Copy exactly the lines from the one containing "- Package Contents: you" through the last line of the records below, including both, and leave out any pictures.

*** Begin section ***

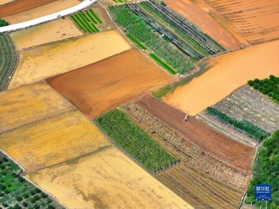 7月21日,農民在南寧市青秀區(qū)長塘鎮(zhèn)耕田(無人機照片)。新華社記者 周華 攝
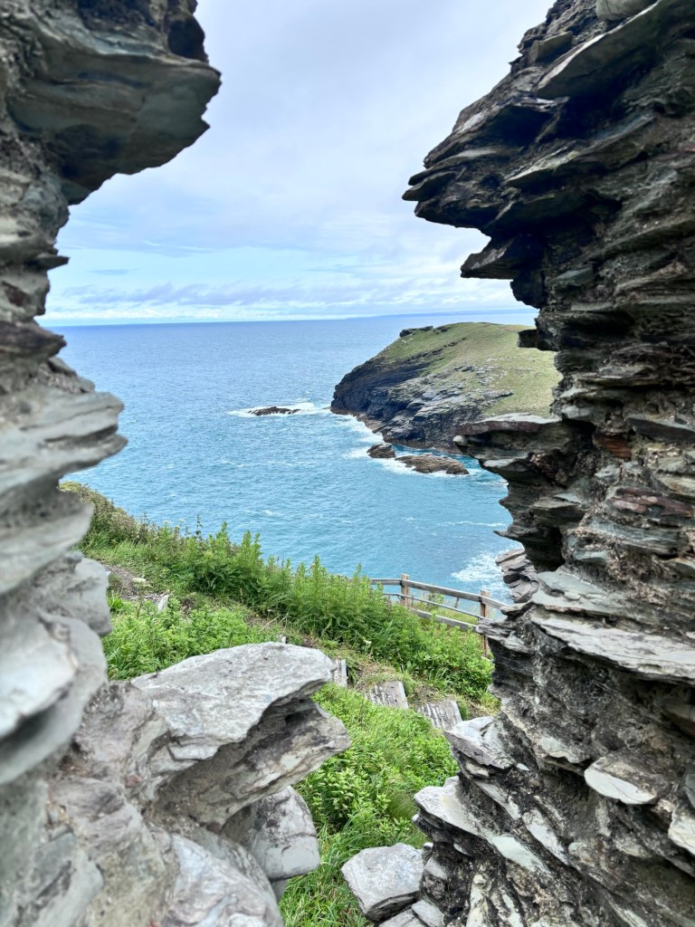 We walked up hill and down stairs to get to Tintagel Castle. Built in 1230. It’s on the coast and was the seat of the Cornish kings.
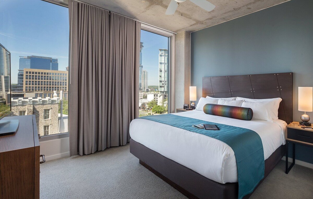 Lounge in style when you stay at this swanky & upscale place during Labor Day in a 1 bedroom Condo in Chic Boutique hotel-Retro Decor. Enjoy Plush accommodations from King Size Bed, washer/dryer, full kitchen /Modern Day large appliances. Sep. living area w/queen size sleeper sofa. Lockoff Mstr Bathrooms w/Marble fit for a King. Rooftop Infinity Pool w/hot tub, Barbecue Grills and amazing fire Pits. Located in the heart of downtown w/Balcony w/amazing views of TX Capitol City.
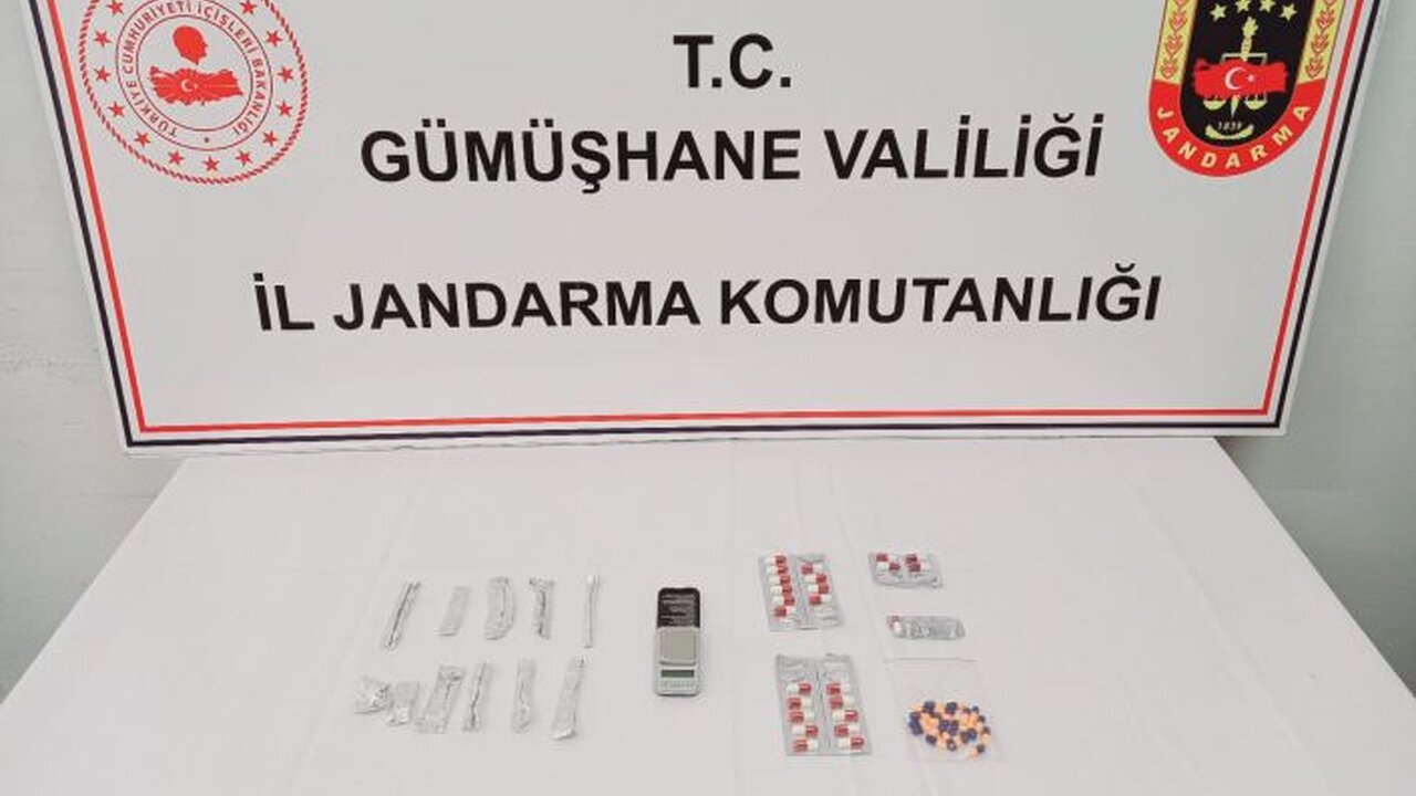 Yapılan kontrol sırasında uyuşturucu arama köpeği Altın’ın tepki vermesi üzerine Gümüşhane Cumhuriyet Başsavcılığından alınan arama kararı doğrultusunda arama yapan Jandarma ekipleri E.Ö. isimli şahsın üzerinde 3x6 santimetre ebatlarında hassas tartı, 10 gram sinir sistemindeki hücreleri uyararak etki gösteren bağımlılık yapıcı maddelerden birisi olan "Metamfetamin" ile 1 gram toz esrar olduğu değerlendirilen madde ve malzemeye el konuldu.
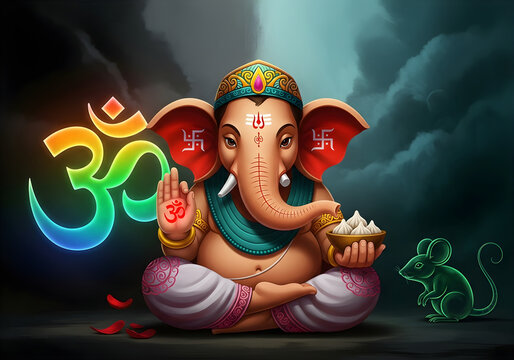 Meditating Hindu god Ganesha with glowing Om symbol.
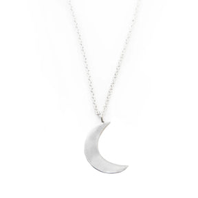 This delicate crescent moon pendant is great as a standalone piece or or layered. The moon is delicately brushed to add a shimmer.
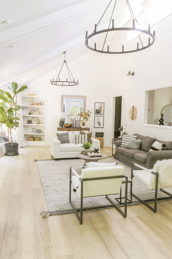 Interior ruang tamu organik modern dengan lampu hias gantung yang cantik.
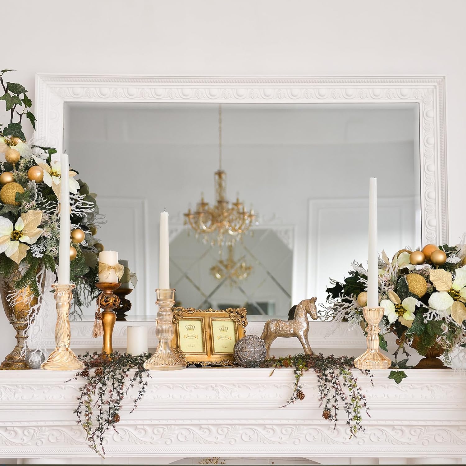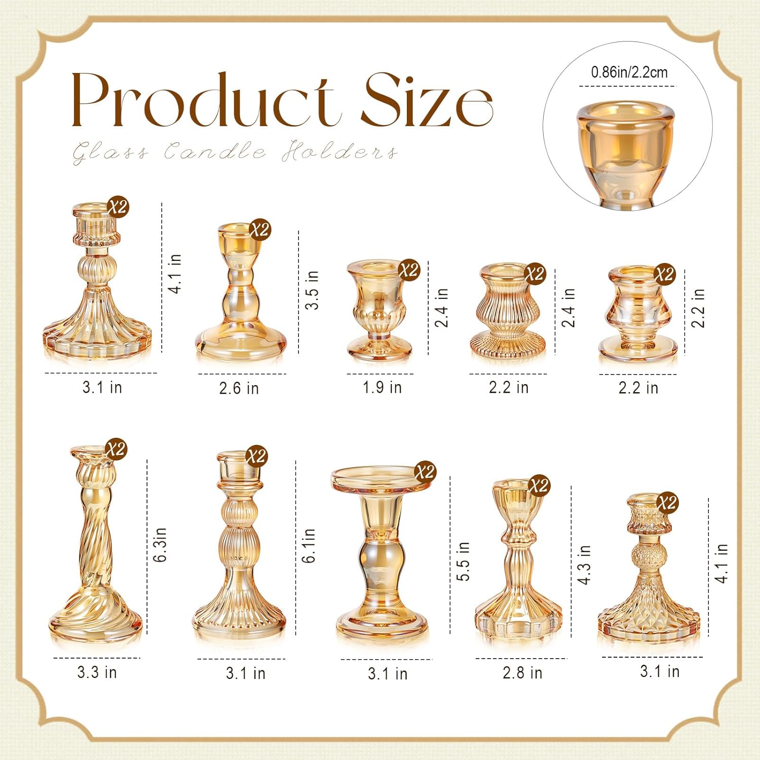 - Package Contents: you will receive 10 pieces 10 style gold glass candle holders in different sizes, which have different heights, smooth shapes and smooth finishes; The candlestick holder add a clean, simple, and elegant aesthetic to any space, it is suitable for a variety of candles
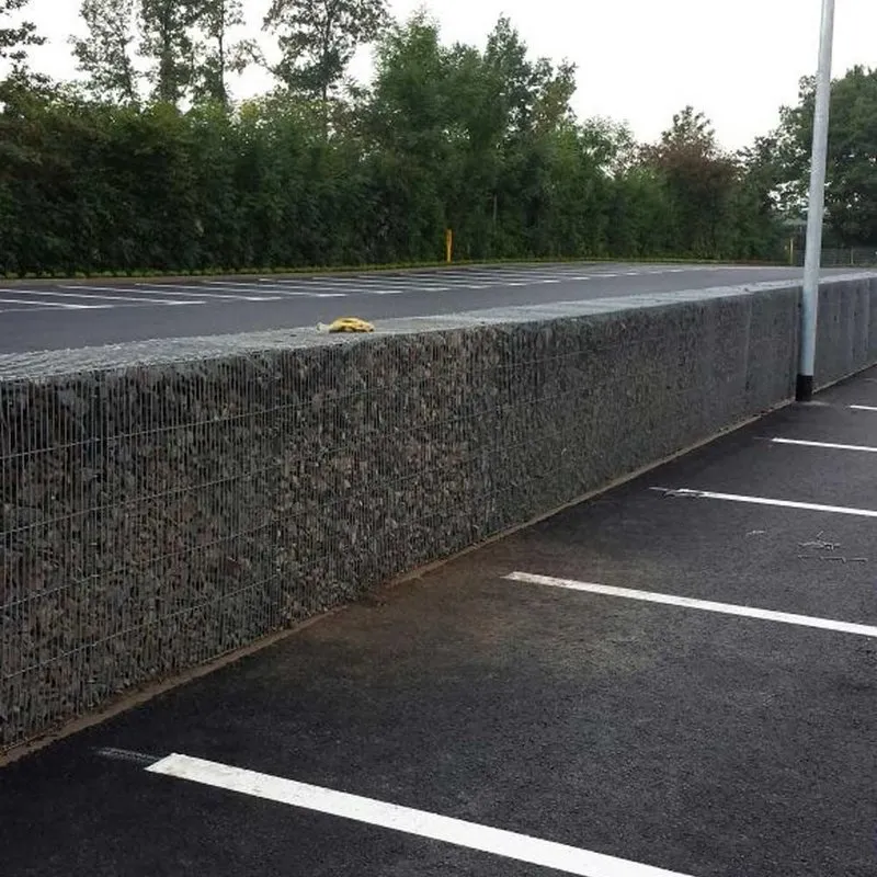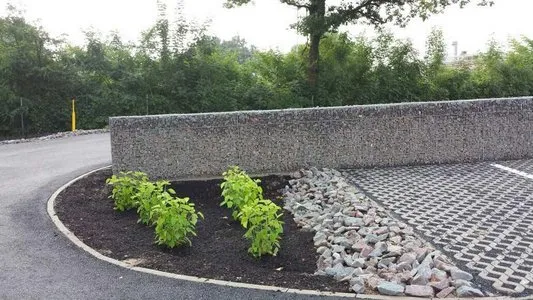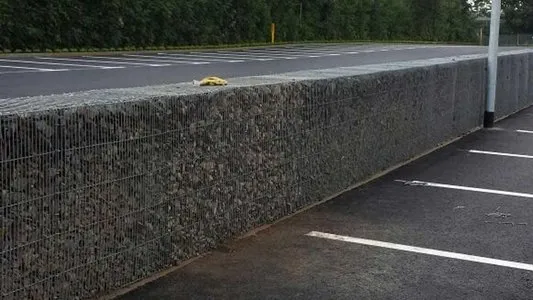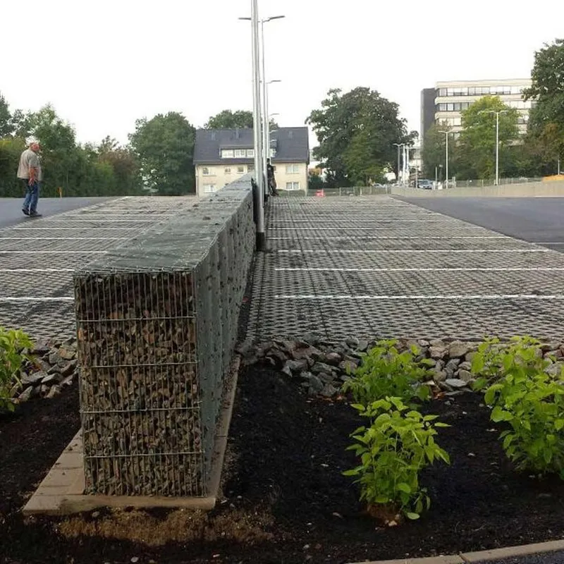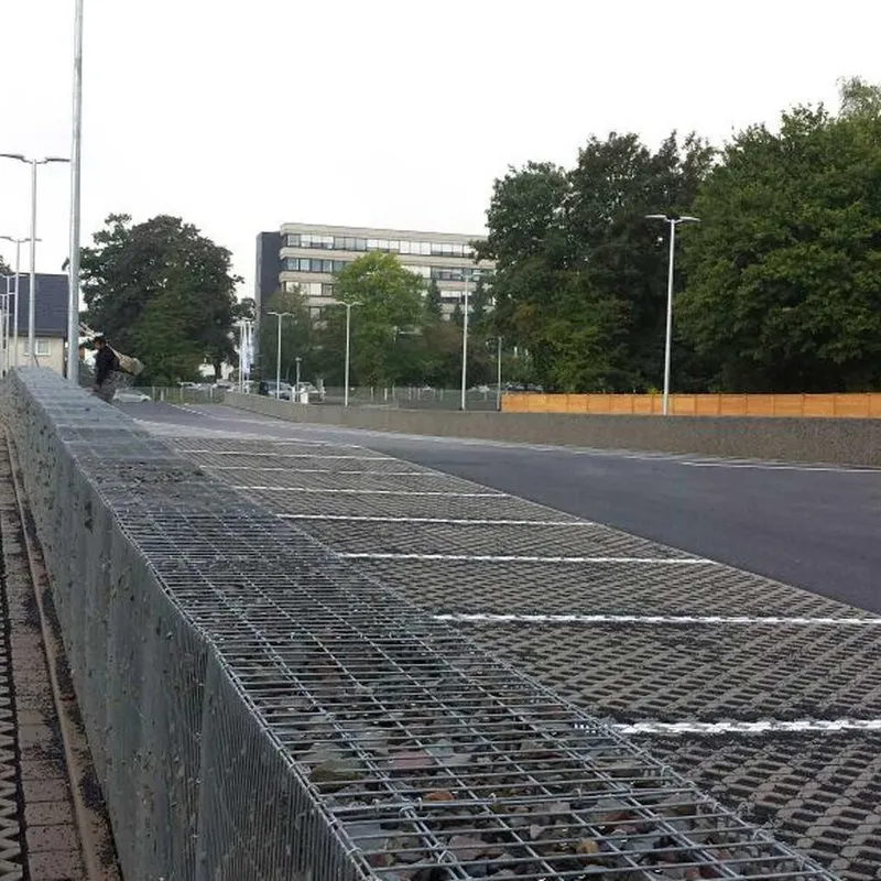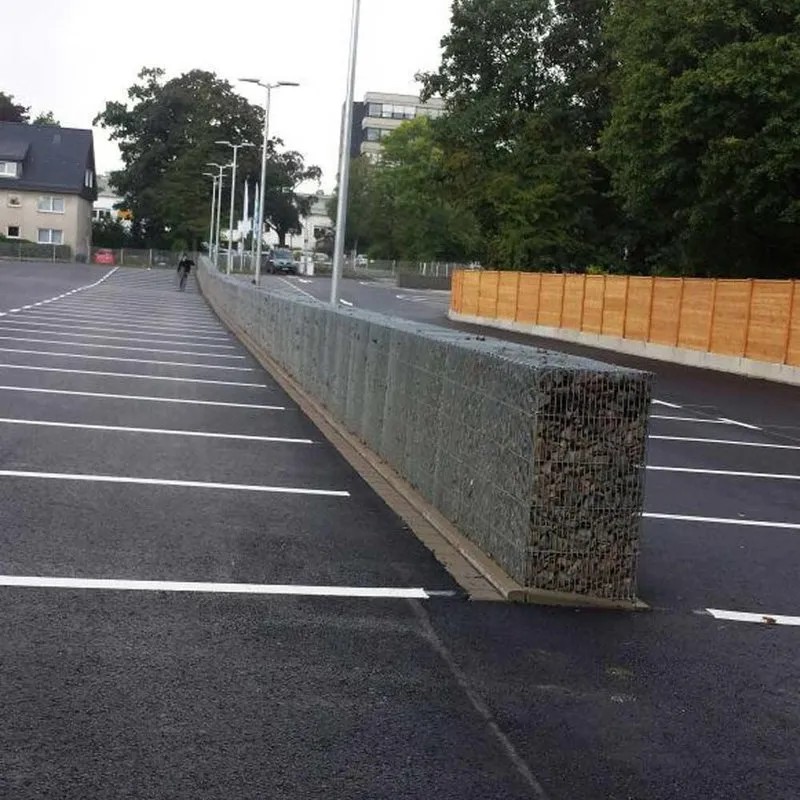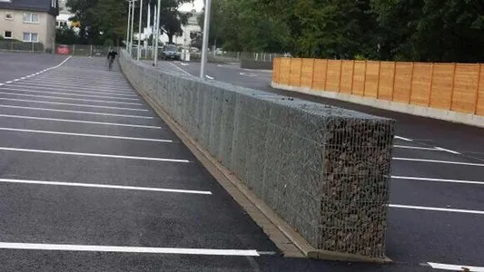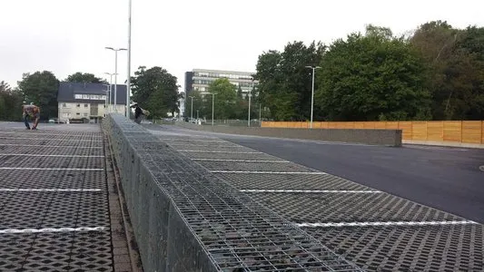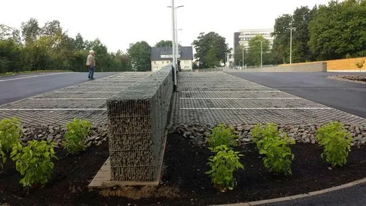 Um den dadurch entstehenden Lärm zu vermindern, wurde eine reflektionsmindernde 1m Hohe Gabione zwischen den Parkstreifen angelegt.

*** End section ***

■ Problem solution ■
 - Package Contents: you will receive 10 pieces 10 style gold glass candle holders in different sizes, which have different heights, smooth shapes and smooth finishes; The candlestick holder add a clean, simple, and elegant aesthetic to any space, it is suitable for a variety of candles
 Um den dadurch entstehenden Lärm zu vermindern, wurde eine reflektionsmindernde 1m Hohe Gabione zwischen den Parkstreifen angelegt.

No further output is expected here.